FireEye hack: foreign government attackers steal ‘Red Team’ tools from US cybersecurity firm
- Attack carried out by ‘nation with top-tier offensive capabilities’
- Hackers stole tools used to probe defences of FireEye customers
FireEye, one of the largest cybersecurity companies in the United States, said on Tuesday that it had been hacked, likely by a government, and that an arsenal of hacking tools used to test the defences of its clients had been stolen.
The hack of FireEye, a company with an array of contracts across the national security space both in the United States and its allies, is among the most significant breaches in recent memory.
The FireEye breach was disclosed in a public filing with the Securities and Exchange Commission citing CEO Kevin Mandia.

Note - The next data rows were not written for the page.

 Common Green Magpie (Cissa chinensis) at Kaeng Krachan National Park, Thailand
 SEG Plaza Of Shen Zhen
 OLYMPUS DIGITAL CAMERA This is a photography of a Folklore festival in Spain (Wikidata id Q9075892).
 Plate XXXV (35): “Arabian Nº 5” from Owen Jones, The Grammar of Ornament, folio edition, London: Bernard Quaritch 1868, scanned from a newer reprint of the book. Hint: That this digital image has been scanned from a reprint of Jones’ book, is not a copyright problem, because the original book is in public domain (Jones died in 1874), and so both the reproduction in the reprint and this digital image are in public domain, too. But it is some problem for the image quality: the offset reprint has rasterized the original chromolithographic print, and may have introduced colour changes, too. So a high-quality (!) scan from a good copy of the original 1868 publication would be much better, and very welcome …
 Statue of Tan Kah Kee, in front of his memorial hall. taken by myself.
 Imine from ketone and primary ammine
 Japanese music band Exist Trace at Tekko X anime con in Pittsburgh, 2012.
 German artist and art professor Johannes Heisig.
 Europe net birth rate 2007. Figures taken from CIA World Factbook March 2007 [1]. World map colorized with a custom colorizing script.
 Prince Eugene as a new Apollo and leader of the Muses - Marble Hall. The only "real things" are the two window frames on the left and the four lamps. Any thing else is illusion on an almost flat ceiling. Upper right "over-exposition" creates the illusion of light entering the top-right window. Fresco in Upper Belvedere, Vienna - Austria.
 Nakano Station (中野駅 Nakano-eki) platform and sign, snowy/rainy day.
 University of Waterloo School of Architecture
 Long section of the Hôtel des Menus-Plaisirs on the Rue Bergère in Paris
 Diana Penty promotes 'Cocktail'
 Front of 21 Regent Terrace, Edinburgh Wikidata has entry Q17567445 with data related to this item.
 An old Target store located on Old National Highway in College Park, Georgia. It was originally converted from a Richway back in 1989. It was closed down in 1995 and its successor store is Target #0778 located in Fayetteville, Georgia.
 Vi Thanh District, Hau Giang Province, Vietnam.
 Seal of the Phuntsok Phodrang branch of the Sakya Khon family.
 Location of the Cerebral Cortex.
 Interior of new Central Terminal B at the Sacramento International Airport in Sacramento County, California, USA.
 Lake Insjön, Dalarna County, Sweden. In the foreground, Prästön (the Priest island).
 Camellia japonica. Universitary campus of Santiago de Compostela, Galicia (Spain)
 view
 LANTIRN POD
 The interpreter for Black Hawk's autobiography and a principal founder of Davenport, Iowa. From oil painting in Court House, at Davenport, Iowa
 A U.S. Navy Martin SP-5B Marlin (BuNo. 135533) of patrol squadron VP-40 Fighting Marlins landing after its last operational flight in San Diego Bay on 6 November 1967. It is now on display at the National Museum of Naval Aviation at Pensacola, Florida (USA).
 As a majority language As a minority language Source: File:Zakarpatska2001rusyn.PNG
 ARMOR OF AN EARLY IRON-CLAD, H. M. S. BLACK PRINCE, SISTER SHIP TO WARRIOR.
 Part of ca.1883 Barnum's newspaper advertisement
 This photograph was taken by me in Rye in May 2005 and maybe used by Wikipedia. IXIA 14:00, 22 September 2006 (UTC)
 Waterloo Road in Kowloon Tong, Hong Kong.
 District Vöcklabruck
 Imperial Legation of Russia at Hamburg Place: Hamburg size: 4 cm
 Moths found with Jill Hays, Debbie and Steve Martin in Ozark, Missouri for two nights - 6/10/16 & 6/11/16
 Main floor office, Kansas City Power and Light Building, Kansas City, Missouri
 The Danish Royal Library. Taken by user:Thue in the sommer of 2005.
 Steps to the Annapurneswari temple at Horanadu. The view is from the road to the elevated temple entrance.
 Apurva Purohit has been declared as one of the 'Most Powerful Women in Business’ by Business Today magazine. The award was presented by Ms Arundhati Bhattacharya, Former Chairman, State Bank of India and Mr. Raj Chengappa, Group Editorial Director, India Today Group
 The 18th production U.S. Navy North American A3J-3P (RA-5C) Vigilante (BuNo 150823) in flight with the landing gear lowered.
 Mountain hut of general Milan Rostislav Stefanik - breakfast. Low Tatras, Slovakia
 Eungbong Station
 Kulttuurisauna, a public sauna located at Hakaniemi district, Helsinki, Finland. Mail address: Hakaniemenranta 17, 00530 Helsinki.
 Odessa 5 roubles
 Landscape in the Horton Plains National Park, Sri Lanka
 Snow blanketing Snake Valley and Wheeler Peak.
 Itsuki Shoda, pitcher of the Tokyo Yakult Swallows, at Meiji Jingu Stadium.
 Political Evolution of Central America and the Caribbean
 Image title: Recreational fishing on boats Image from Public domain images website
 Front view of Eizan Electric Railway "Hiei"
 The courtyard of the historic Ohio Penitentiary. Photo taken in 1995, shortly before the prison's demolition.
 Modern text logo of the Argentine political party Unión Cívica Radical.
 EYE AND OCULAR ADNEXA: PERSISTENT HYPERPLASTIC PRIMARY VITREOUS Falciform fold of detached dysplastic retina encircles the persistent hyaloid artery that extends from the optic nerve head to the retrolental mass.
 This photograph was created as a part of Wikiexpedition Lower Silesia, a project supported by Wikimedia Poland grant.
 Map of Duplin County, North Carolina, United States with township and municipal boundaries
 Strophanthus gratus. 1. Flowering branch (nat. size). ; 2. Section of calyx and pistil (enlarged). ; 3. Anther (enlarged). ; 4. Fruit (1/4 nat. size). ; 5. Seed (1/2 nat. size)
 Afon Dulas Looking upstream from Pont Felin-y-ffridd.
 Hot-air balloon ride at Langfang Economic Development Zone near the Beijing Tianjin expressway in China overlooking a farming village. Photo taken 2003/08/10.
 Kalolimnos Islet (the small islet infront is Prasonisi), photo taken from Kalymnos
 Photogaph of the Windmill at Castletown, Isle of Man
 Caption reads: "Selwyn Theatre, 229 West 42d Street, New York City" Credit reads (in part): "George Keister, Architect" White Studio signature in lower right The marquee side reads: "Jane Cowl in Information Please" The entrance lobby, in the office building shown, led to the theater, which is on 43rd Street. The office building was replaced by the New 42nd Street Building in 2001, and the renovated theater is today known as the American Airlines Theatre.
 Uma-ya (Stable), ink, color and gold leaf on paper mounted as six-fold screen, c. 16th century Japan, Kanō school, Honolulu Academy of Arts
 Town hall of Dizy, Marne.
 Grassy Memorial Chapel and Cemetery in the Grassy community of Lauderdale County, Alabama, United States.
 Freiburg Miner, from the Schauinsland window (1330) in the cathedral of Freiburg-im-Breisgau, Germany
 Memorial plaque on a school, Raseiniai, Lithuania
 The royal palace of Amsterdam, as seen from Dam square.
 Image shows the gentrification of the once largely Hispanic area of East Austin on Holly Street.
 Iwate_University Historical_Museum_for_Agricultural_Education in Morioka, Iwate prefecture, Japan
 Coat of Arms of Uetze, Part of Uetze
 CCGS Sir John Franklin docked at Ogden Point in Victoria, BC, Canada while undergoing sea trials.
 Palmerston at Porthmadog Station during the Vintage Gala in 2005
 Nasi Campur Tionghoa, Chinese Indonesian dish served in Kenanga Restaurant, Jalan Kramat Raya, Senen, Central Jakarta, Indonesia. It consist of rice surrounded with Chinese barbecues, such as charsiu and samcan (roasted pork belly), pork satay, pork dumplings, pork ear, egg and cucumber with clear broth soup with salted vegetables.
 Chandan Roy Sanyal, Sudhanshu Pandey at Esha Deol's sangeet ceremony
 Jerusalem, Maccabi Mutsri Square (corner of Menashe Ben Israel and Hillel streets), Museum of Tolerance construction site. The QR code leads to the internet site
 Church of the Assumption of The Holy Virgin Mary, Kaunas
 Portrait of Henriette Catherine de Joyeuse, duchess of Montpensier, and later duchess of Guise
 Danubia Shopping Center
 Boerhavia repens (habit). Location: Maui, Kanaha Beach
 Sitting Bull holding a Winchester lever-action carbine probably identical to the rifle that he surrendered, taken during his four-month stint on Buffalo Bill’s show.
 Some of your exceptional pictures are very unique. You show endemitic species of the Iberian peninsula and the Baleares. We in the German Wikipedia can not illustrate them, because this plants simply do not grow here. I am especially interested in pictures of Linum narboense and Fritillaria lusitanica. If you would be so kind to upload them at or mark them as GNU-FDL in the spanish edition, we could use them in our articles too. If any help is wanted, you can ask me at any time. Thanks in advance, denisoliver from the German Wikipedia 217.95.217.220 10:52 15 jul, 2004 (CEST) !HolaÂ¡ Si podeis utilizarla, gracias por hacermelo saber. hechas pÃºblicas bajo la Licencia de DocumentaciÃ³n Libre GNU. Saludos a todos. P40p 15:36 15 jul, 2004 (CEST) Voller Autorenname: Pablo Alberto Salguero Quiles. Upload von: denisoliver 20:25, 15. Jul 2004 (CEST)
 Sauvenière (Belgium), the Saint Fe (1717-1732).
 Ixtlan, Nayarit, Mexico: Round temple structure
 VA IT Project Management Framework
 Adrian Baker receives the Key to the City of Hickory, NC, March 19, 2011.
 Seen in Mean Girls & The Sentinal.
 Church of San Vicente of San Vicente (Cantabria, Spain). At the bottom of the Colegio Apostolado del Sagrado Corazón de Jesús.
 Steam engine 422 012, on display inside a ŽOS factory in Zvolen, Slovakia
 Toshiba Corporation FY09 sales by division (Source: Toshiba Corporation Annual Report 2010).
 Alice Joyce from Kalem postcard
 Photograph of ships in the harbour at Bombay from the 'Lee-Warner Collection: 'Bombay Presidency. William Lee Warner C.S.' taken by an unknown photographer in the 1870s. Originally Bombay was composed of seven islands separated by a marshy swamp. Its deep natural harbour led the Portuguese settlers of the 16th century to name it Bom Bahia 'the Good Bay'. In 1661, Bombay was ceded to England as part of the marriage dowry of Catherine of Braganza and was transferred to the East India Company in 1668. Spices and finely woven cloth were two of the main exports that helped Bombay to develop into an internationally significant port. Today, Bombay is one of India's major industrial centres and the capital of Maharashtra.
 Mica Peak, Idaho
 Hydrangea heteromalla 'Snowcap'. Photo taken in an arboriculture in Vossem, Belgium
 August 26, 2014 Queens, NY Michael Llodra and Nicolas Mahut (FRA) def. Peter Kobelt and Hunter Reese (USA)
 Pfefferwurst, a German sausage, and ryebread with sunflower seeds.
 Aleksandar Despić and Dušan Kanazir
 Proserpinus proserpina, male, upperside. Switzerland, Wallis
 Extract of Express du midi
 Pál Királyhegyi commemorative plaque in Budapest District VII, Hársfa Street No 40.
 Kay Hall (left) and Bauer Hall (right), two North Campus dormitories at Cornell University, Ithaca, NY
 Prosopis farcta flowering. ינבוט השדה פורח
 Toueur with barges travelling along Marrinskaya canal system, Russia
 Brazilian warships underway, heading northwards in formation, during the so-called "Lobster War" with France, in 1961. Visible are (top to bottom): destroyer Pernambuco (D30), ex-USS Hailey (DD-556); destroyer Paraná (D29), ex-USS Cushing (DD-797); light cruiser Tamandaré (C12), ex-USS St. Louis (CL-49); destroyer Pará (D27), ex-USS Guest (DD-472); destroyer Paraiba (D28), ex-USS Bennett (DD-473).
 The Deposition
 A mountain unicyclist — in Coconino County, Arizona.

A blog post by the company said “Red Team tools” were stolen as part of a highly sophisticated, likely government-backed hacking operation that used previously unseen techniques.
“I’ve concluded we are witnessing an attack by a nation with top-tier offensive capabilities,” Mandia said, deeming it “different from the tens of thousands of incidents we have responded to throughout the years”,
It is not clear exactly when the hack initially took place, but a person familiar with the events said the company has been resetting user passwords over the past two weeks.
Beyond the tool theft, the hackers also appeared to be interested in a subset of FireEye customers: government agencies.